P02-06

Exploring Structured Biological Pathways in Context with Retrieval-Augmented Generation

Rintaro YASHIRO *1, Nobuaki YASUO2, Masakazu SEKIJIMA1

1Department of Computer Science, Institute of Science Tokyo
2Academy for Convergence of Materials and Informatics (TAC-MI), Institute of Science Tokyo


[Purpose]
Drug discovery and development is a high-risk venture that can take more than a decade and cost more than $1 billion. Improving the accuracy of early target discovery and validation is critical to avoid costly failures in the later stages. [1] In target discovery, pathway databases such as KEGG PATHWAY are important for understanding disease mechanisms from life science data. However, their vastness and complexity hinder comprehensive information retrieval. [2] On the other hand, large language models (LLMs) have potential applications in various fields due to their ability to understand and generate language, but their application faces a critical challenge of ‘hallucination,’ or the generation of information that is not based on facts. This problem is particularly acute in the biomedical field, where scientific rigor is required. [3] This study aims to suppress hallucination by retrieving information from KEGG PATHWAY and using it as a source of reliable external knowledge for the LLM. The goal is to construct an information search environment that enables interactive and fact-based responses, thereby improving the accuracy and efficiency of target search in drug discovery.

[Methods]
In this study, a knowledge graph constructed from KEGG PATHWAY is combined with Retrieval-Augmented Generation (RAG), which augments the LLM's generation capability with external knowledge, to build a reliable natural language search system for specialized life science data.

[Results and Discussion]
When evaluating the performance of searches after converting structured data into documents and comparing it with that of existing RAG methods, a decline in the performance of intermediate nodes for queries spanning multiple nodes was observed. It is expected that this approach will reduce the loss of information at intermediate nodes by capturing data in a structured manner.

[Conclusions]
This study proposes a RAG-based system for structured information retrieval from the KEGG PATHWAY knowledge graph. This system presents an approach to overcome the challenge of LLM hallucination by integrating with a structured database, offering a promising direction for the use of reliable AI in the life sciences.

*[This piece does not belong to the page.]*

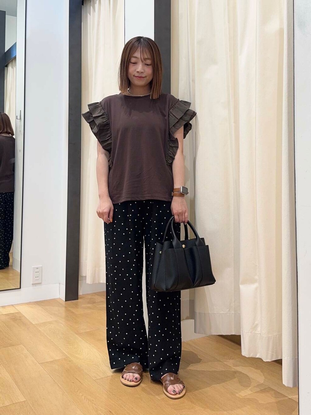 ご覧頂きありがとうございます^^ [トップス] フリルが可愛いトップス◎ お袖も程よくありすっきりみせてくれます! ブラウンはトレンド感アップするカラーで とてもオススメです!

Future work will focus on enhancing search performance and conducting experiments with large-scale data.

[References]
[1]: Hughes, James P., et al. "Principles of early drug discovery." British journal of pharmacology 162.6 (2011): 1239-1249.
[2]: Yishu Wang, Juan Qi, and Dongmei Ai. Dpadm: a novel algorithm for detecting drug-pathway associations based on high-throughput transcriptional response to compounds. Briefings in Bioinformatics, 24(1): bbac517, 2023.
[3]: Junde Wu, Jiayuan Zhu, Yunli Qi, Jingkun Chen, Min Xu, Filippo Menolascina, and Vicente Grau. Medical graph rag: Towards safe medical large language model via graph retrieval-augmented generation. arXiv preprint arXiv:2408.04187, 2024.